Les revues sont à l’avant-garde de l’hospitalité et n’adorent pas le succès comme unique arbitre des choses humaines. Il nous a donc semblé préférable de faire intérieurement retour sur un long chemin d’hospitalité pour le prolonger, plutôt que pour le commémorer. C’est ainsi qu’a pris forme l’idée d’un Abécédaire auquel seraient conviés à prendre part des écrivains, des poètes, des philosophes, des anthropologues et des artistes du monde entier. (p. 3)

14Le titre de l’avant‑Propos résume parfaitement l’esprit de ce numéro, au plus près du principe de la liste : « Mille et après ». Le nombre mille totalise la somme des numéros déjà parus, fait le compte et le bilan, moins dans un souci d’autocélébration que par une conscience du chemin déjà parcouru et de l’adéquation de l’entreprise à ses objectifs premiers : « Combien d’auteurs des cinq continents Europe n’aura‑t‑elle pas accueillis quelques lustres avant que leurs noms soient sur toutes les lèvres » ? (ibid.) Le geste rétrospectif de quantification se trouve aussitôt défait par un mouvement prospectif : il témoigne d’une saisie dynamique de la temporalité dans laquelle le projet de la revue s’inscrit en se projetant vers le prolongement de la liste, vers ses suites possibles.
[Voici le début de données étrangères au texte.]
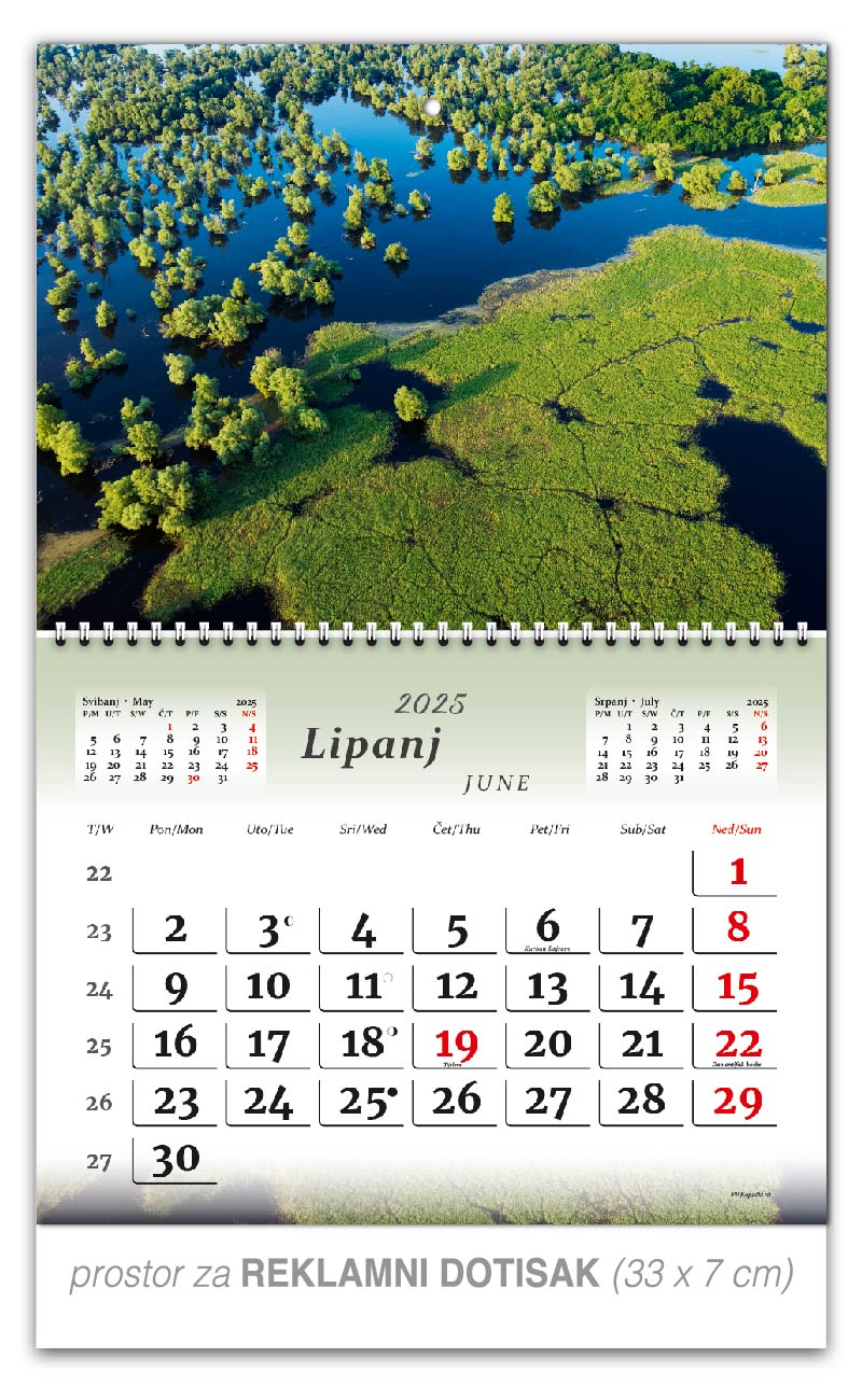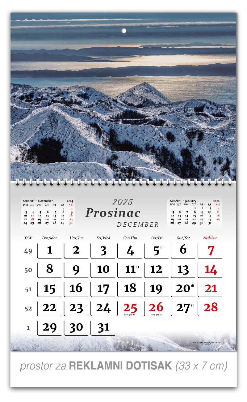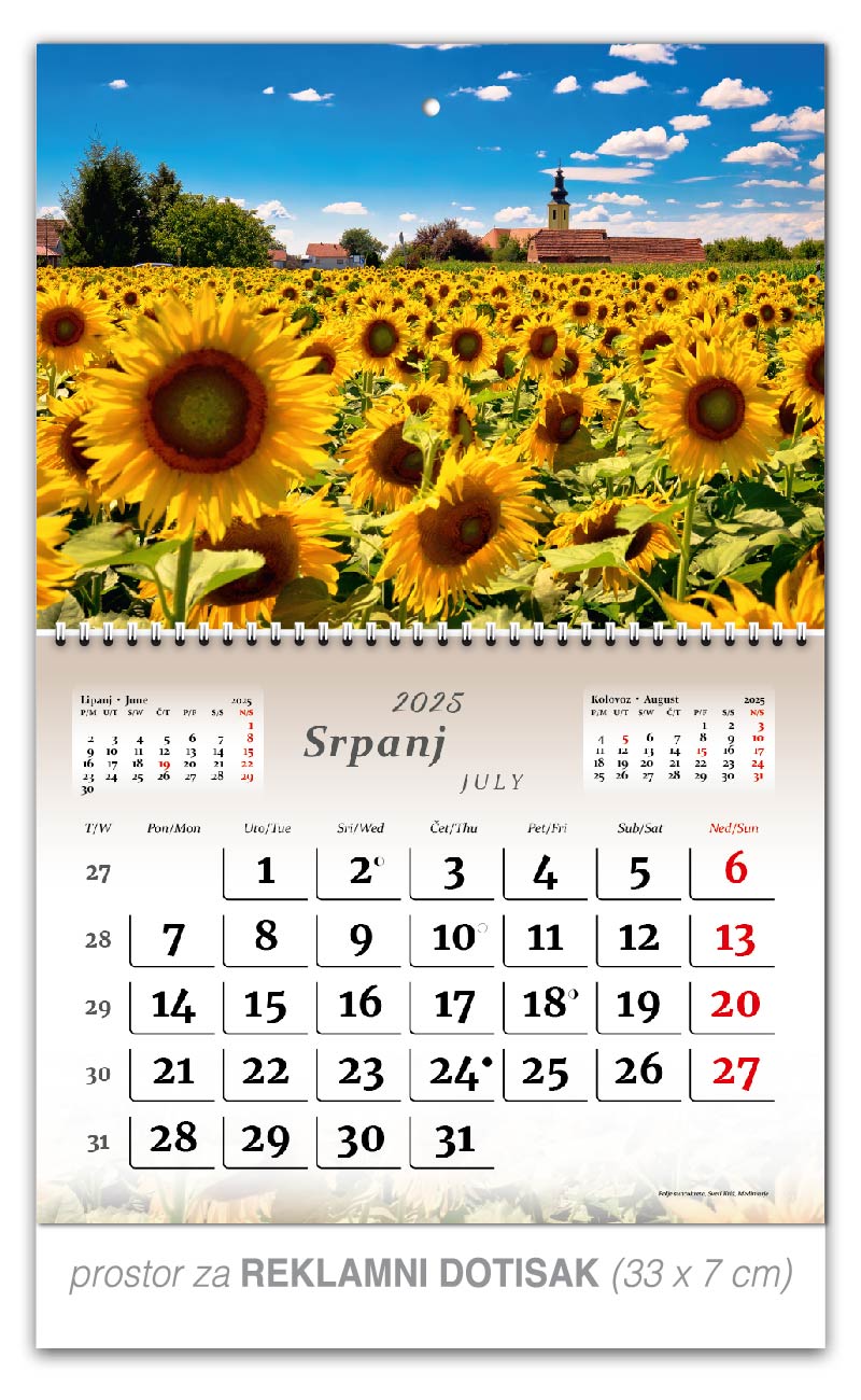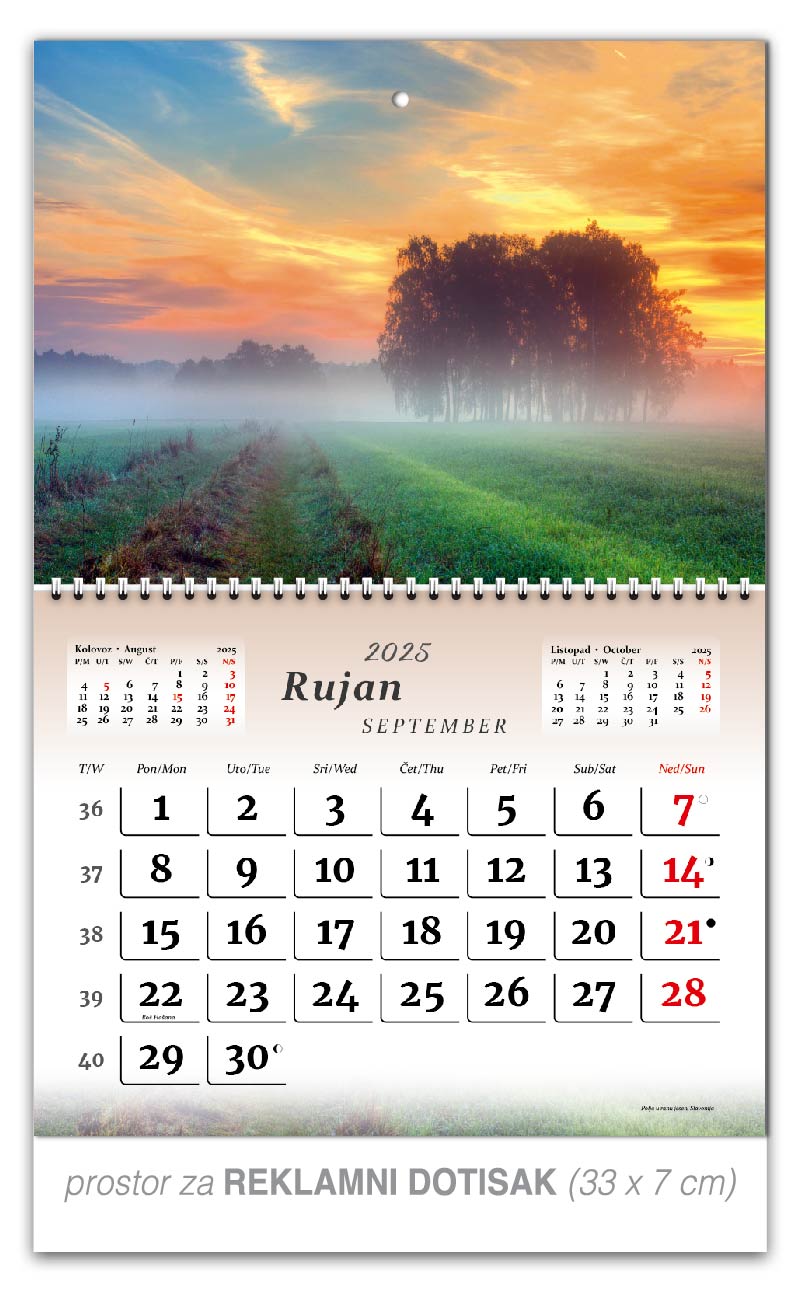 Preklopne zidne kalendare nudimo u 5 motiva. Osim tekućeg mjeseca na jednom listu kalendara, nalaze se prethodni i sljedeći mjesec, a obilježava ga preklopni spiralni uvez po sredini kalendara. Ta vrsta kalendara je praktičnija za slanje poštom.
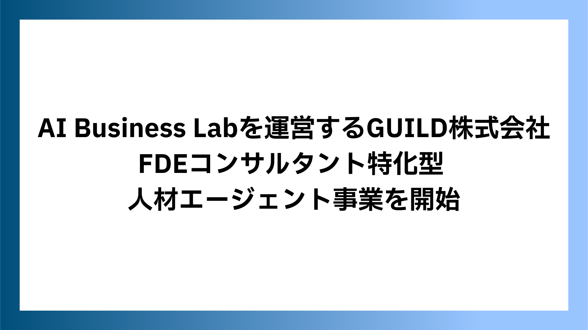 AI Business Labを運営するGUILD株式会社(所在地:東京都渋谷区神宮前、代表:小宮 滉)は、本日、FDE(Forward Deployed Engineer=フォワードデプロイドエンジニア)コンサルタントに特化した人材エージェント事業を開始することをお知らせいたします。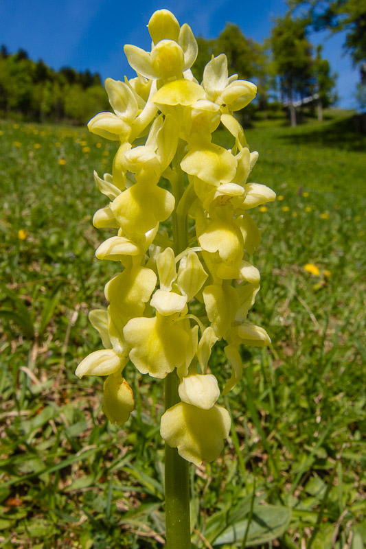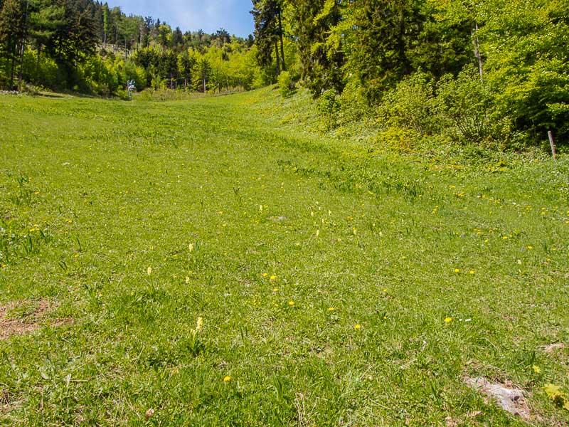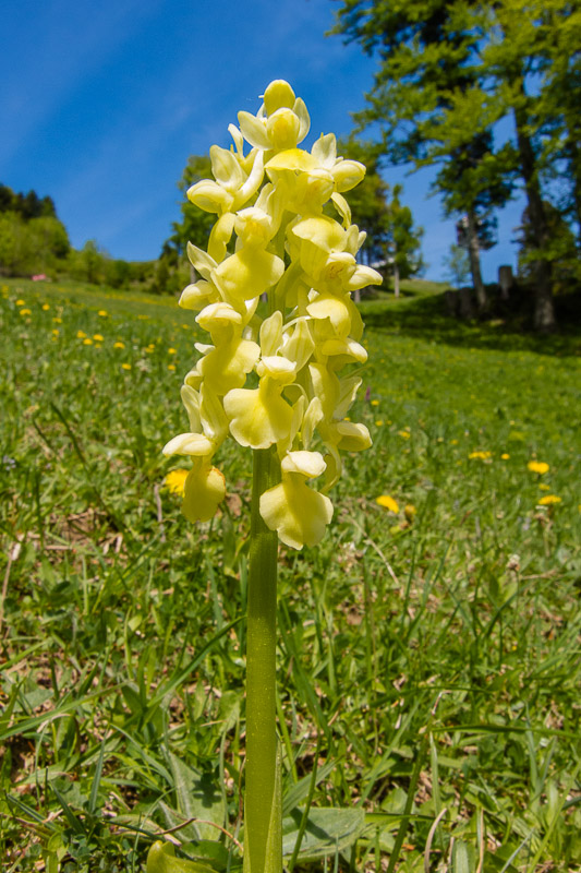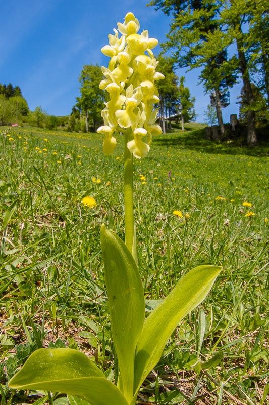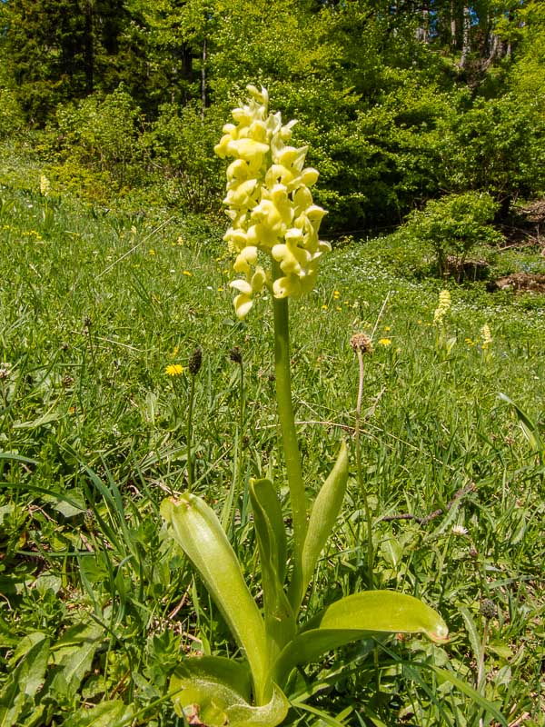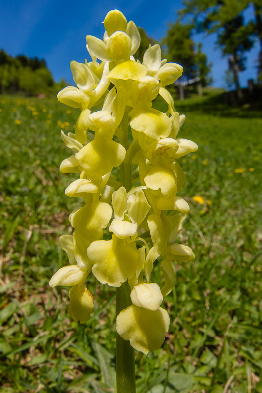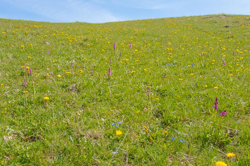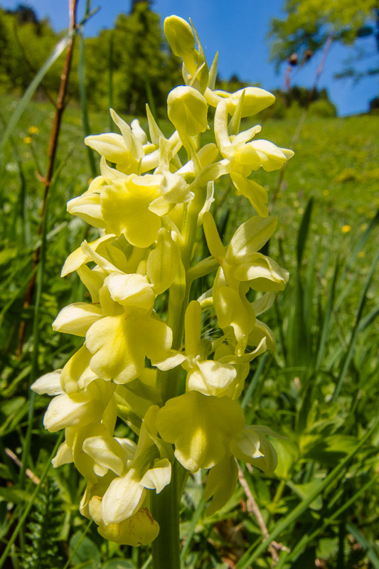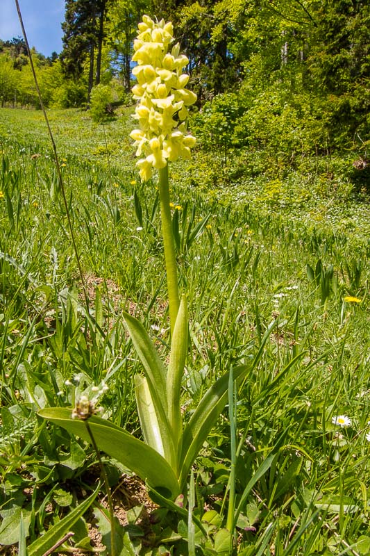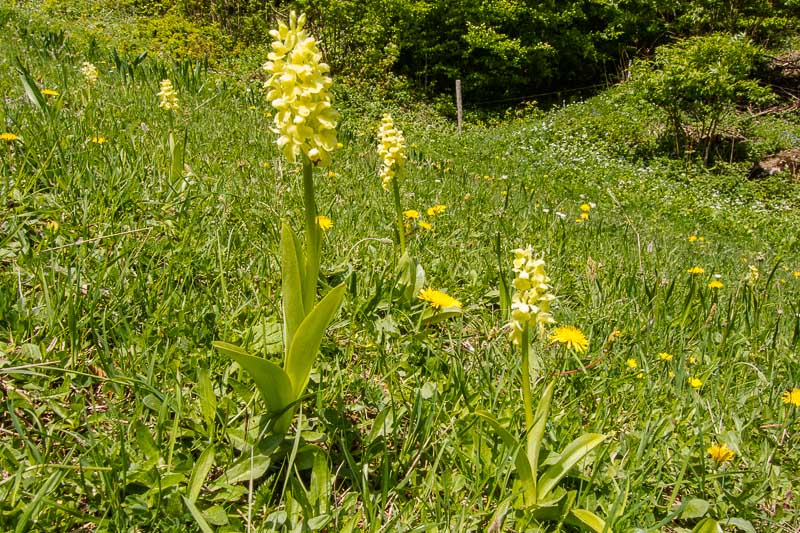 Pale-flowered orchid (Orchis pallens) in abundance.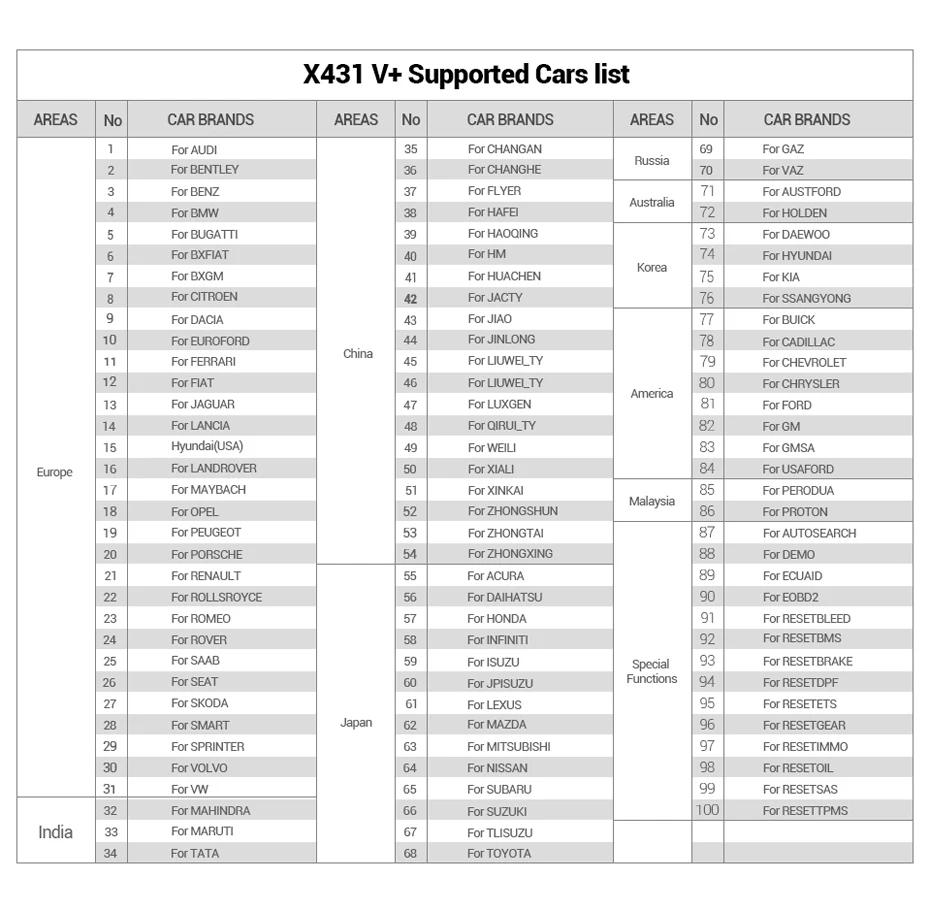 Более 86 марок автомобилей и 220 моделей автомобилей. Он охватывает автомобильные бренды из Европы, Азии, Америки и т. Д. Кроме того, он поддерживает 12V Бензин и diseel двигателя. Кроме того, он может быть расширен до HD сканер грузовика, если вы купили дополнительный HD модуль грузовика. Полностью соответствует вашим потребностям в ремонте мастерской.

Le nombre mille mesure ainsi la longévité de la revue, sa capacité à durer et à s’inscrire dans l’histoire, par un pont jeté entre le passé et l’avenir : il rend compte de l’esprit d’une revue qui entend construire au présent l’histoire culturelle à partir de ses avant‑gardes. Ainsi, cet Avant‑propos indique le lien essentiel qui unit les formes de la liste, de l’abécédaire, de la revue, à la notion de temporalité :

Cela semble d’autant plus vrai dans une époque caractérisée par une hypertrophie du présent de la consommation qui tend à enserrer l’existence humaine dans un régime de temporalité semblable à une succession de clips éphémères. (p. 4)

15La « relation affective et mentale avec la longue durée » (ibid.) qu’entretient une revue comme Europe permet de repenser la notion d’actualité hors de la soumission à l’ordre présent et établi. C’est justement ce que dramatisent les formes de la liste et de l’abécédaire : il s’agit de fixer dans la durée l’actualité d’un inventaire, d’un choix, d’une collection de mots, de textes et d’auteurs, pour en permettre le prolongement, et peut‑être, le désordre à venir.